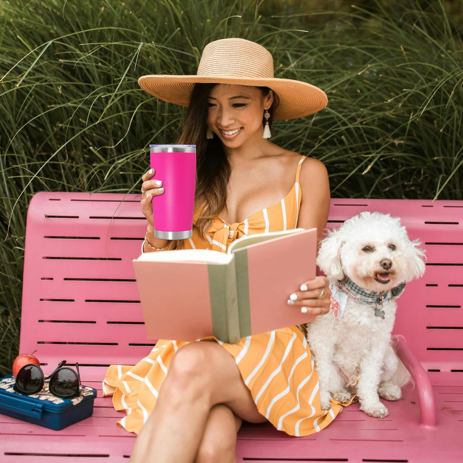 20oz Tumbler Stainless Steel Tumbler Cup with Lid Vacuum Insulated Double Wall Travel Mug, Durable Powder Coated Travel Coffee Tumbler Mug for Hot & Cold Drinks, Hot Pink,1 Pack
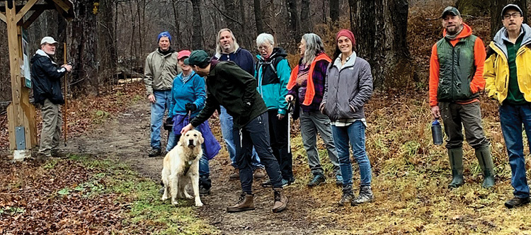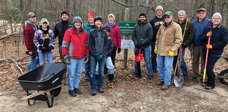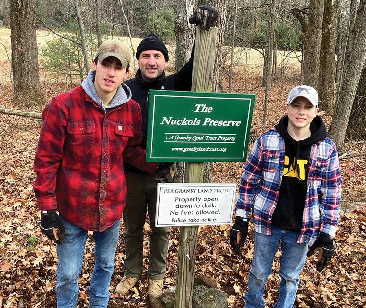 A group of enthusiastic and dedicated Granby Land Trust members contributed their time and energy to clean-up the Nuckols Family Preserve on Simsbury Road in West Granby during an early December morning GLT Trail Workday. GLT Property Stewards Holly and Curt Johnson, along with GLT VP Dave Emery, led the effort that included tidying up the trail that leads to a beautiful view of the Salmon Brook. Photo by Dave Emery
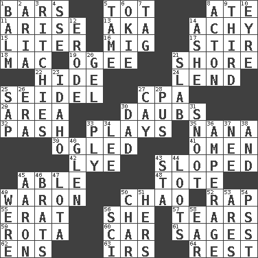 ACROSS 1. Drinking establishments 5. Small child 8. Had dinner 11. Originate 13. Alias (abbr.) 14. Painful 15. 61 cubic inches 16. Russian fighter aircraft 17. Move through with a circular motion 18. Big _ 19. Double curve, resembling the letter S 21. Dinah or Pauly 22. Flintstone garb 24. Grant temporary use of 25. Beer mug 27. Tax preparer (abbr.) 29. Type of rug 30. Applies to a surface 32. Romantic infatuation 33. Live dramatic performances 35. Nanny 39. Stared at amorously 41. Presage 42. Potassium hydroxide 43. Slanted 45. Competent 48. Carryall 49. Make _____ (do battle with) 50. US Secretary of Labor Elaine L. _ 52. Hit sharply and swiftly 55. Part of Q.E.F. 56. A female animal or person 57. Pulls into pieces 59. Roll call or roster of names 60. Auto 61. Gurus 62. Followers of ems 63. Big collection agency 64. Relief DOWN 1. Lip ointment 2. Roberta Peters solo 3. Actors Guy, Robert Welles, and Clint 4. Compass dir. 5. Not wild 6. Migrant worker of the '30s 7. Label 8. Gambison 9. One of three equal parts 10. Jane of fiction 12. Eat (away) 14. American tennis player Robert 20. Set 21. Broad, flat, thick piece 23. Potato state 25. Plant excrement 26. Epoch 27. Island 28. Tenth month of the Hindu calendar 30. Male parent 31. Snout, nose 33. Travel a route regularly 34. Area sheltered from the wind 36. Electrical Measurement 37. Born 38. Plus 40. Small, secluded valley 43. R.R. building 44. Plunders 45. Composer Copland 46. Naughty children 47. Globular water bottle used in Asia 49. Past tense of be (plural) 50. Burn to charcoal 51. Possessive pronoun 53. Ancient Greek god of war 54. Inconspicuous attention getter 56. _-fi 58. Hearing organ

## What the task requires
Take the lines from the start of the material to the line with "A group of enthusiastic", both included, and transcribe them exactly without the pictures.

## Expected answer
 20oz Tumbler Stainless Steel Tumbler Cup with Lid Vacuum Insulated Double Wall Travel Mug, Durable Powder Coated Travel Coffee Tumbler Mug for Hot & Cold Drinks, Hot Pink,1 Pack
 A group of enthusiastic and dedicated Granby Land Trust members contributed their time and energy to clean-up the Nuckols Family Preserve on Simsbury Road in West Granby during an early December morning GLT Trail Workday. GLT Property Stewards Holly and Curt Johnson, along with GLT VP Dave Emery, led the effort that included tidying up the trail that leads to a beautiful view of the Salmon Brook. Photo by Dave Emery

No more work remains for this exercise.